(RECORDED INFORMATION):
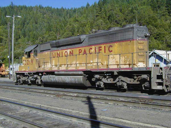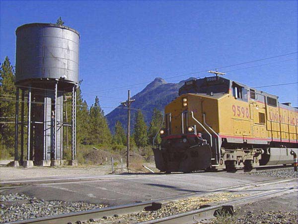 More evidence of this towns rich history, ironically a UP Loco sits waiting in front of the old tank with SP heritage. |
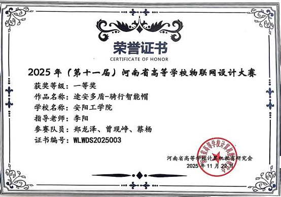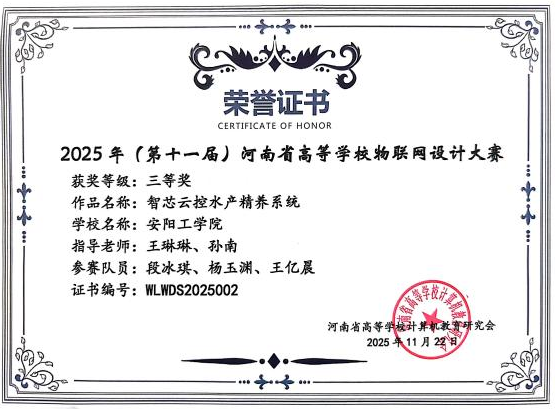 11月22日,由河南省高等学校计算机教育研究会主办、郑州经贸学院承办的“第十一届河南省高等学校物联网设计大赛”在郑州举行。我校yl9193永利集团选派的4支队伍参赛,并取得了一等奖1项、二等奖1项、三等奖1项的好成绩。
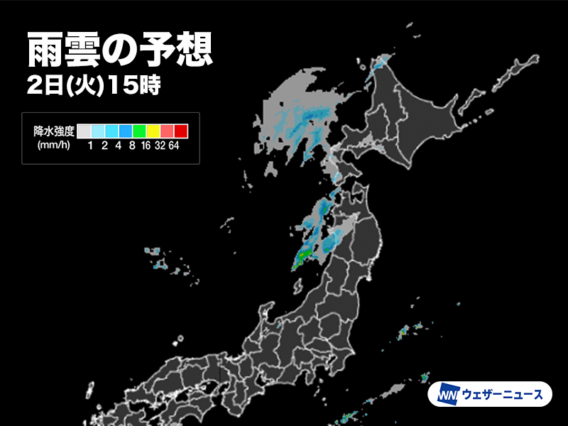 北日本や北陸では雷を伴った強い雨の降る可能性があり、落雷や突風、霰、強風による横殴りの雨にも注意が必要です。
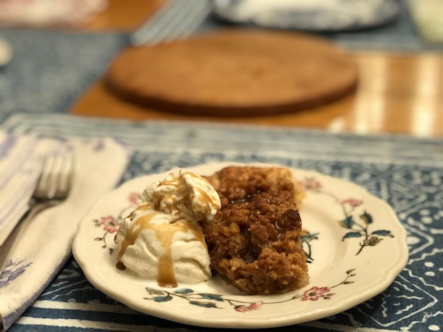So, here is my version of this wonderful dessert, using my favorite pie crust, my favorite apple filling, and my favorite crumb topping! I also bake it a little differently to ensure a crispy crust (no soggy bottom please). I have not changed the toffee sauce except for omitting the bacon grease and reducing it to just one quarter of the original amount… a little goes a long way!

(TASK ITEM):
The lines above should be transcribed exactly, with every image removed.

(OUTPUT FOR THIS EXERCISE):
 More evidence of this towns rich history, ironically a UP Loco sits waiting in front of the old tank with SP heritage. |
 11月22日,由河南省高等学校计算机教育研究会主办、郑州经贸学院承办的“第十一届河南省高等学校物联网设计大赛”在郑州举行。我校yl9193永利集团选派的4支队伍参赛,并取得了一等奖1项、二等奖1项、三等奖1项的好成绩。
 北日本や北陸では雷を伴った強い雨の降る可能性があり、落雷や突風、霰、強風による横殴りの雨にも注意が必要です。
So, here is my version of this wonderful dessert, using my favorite pie crust, my favorite apple filling, and my favorite crumb topping! I also bake it a little differently to ensure a crispy crust (no soggy bottom please). I have not changed the toffee sauce except for omitting the bacon grease and reducing it to just one quarter of the original amount… a little goes a long way!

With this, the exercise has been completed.